In this chapter the genre of the libretto will be discussed. This will provide a literary context for the next two chapters, which will focus on the analysis of two Baroque libretti based on classical stories.

Originally, the Italian word libretto (literally translated “little book”) only referred to the book’s physical existence. Now the term is also used to describe the literary content of an opera.1 Since the middle of the eighteenth century the term libretto has been current in England.2 Together with the composer’s score, the libretto forms the basis for an opera performance. Other elements, such as costumes, acting and scenery, finalise the mood of the performance. The first libretto that was published is Rinuccini’s Dafne (1600, first performed in 1598), set by Peri. For several centuries the only purpose of the published libretto was to provide the text and the list of characters for those attending an opera. One would be able to read it during the performance, for the lights were not dimmed. Extant copies of these published libretti provide a valuable source of information for researchers, for they generally give, until approximately the beginning of the twentieth century, information about the production, the size and constitution of the orchestra, the names of the composer, poet and singers (which allows scholars to study their careers and mobility, for example), the choreographers and dancers.
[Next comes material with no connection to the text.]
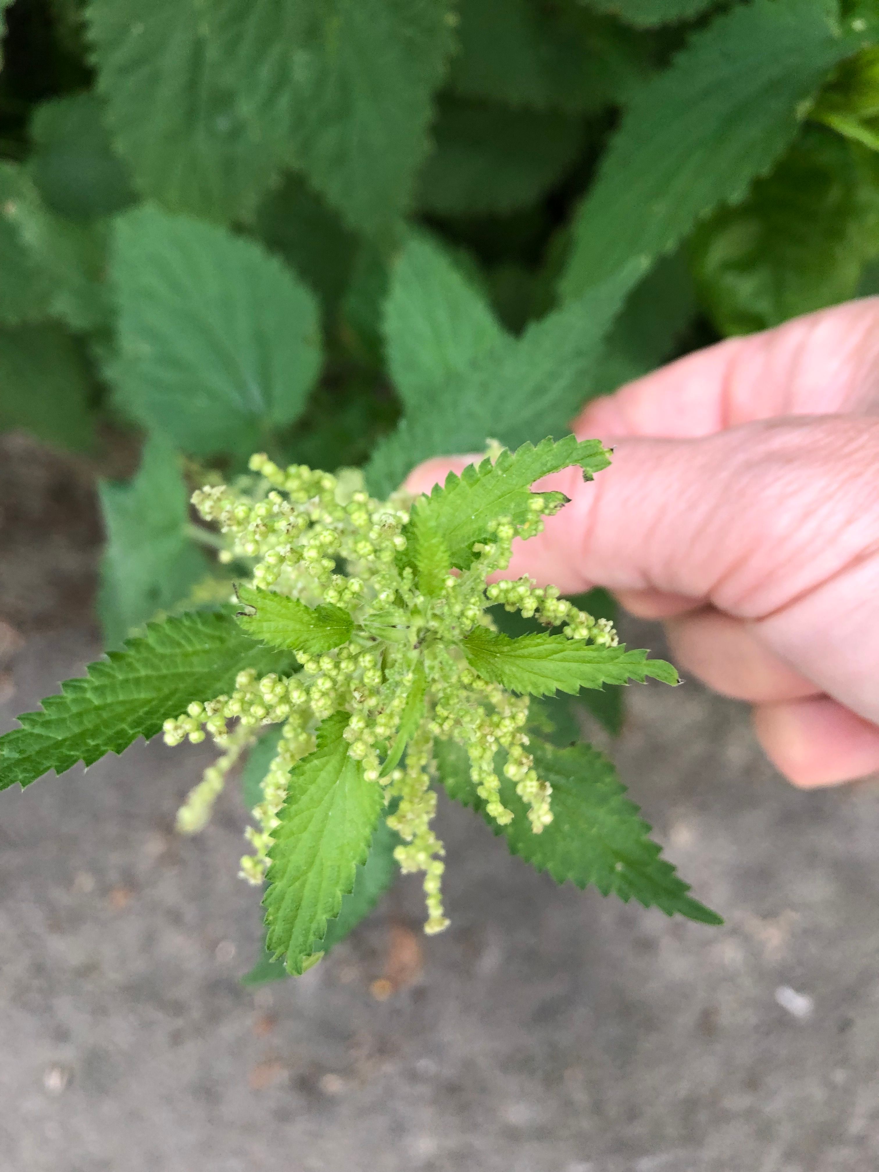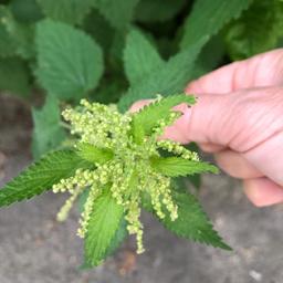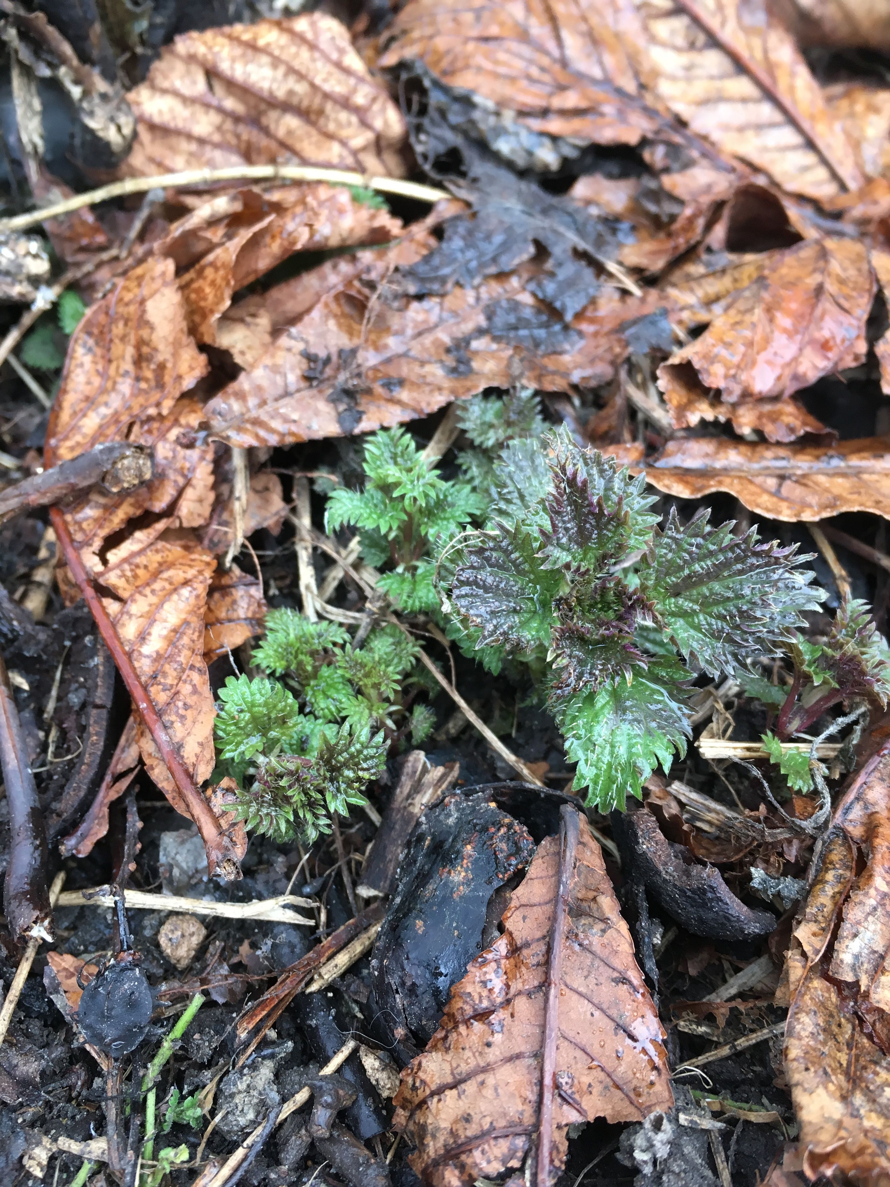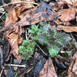 Vårens spirer har mørke grønne mot lilla blader. Bladene sitter parvis på stengelen. Brennhår.

The libretti, therefore, are valuable not only as objects of study themselves, but they enable scholars to research the histories and repertories of opera houses, local customs and many other aspects of particular operas or the opera in general.3 Since the 1950s there has been an enormous growth in libretto studies, or librettistics. The term libretto is not only used to refer to operas, it is also applied to describe the content of an oratorio. The oratorio is, similar to the opera, based on dramatic, narrative and contemplative elements. The role of the chorus has always been more emphasised in the oratorio than in the opera. This is largely caused by the fact that an oratorio lacks costumes, scenery or action. Therefore,

1 Trowell, par. 1.

2 Warrack and Chalmers, par. 1.

3 Macnutt, par. 2.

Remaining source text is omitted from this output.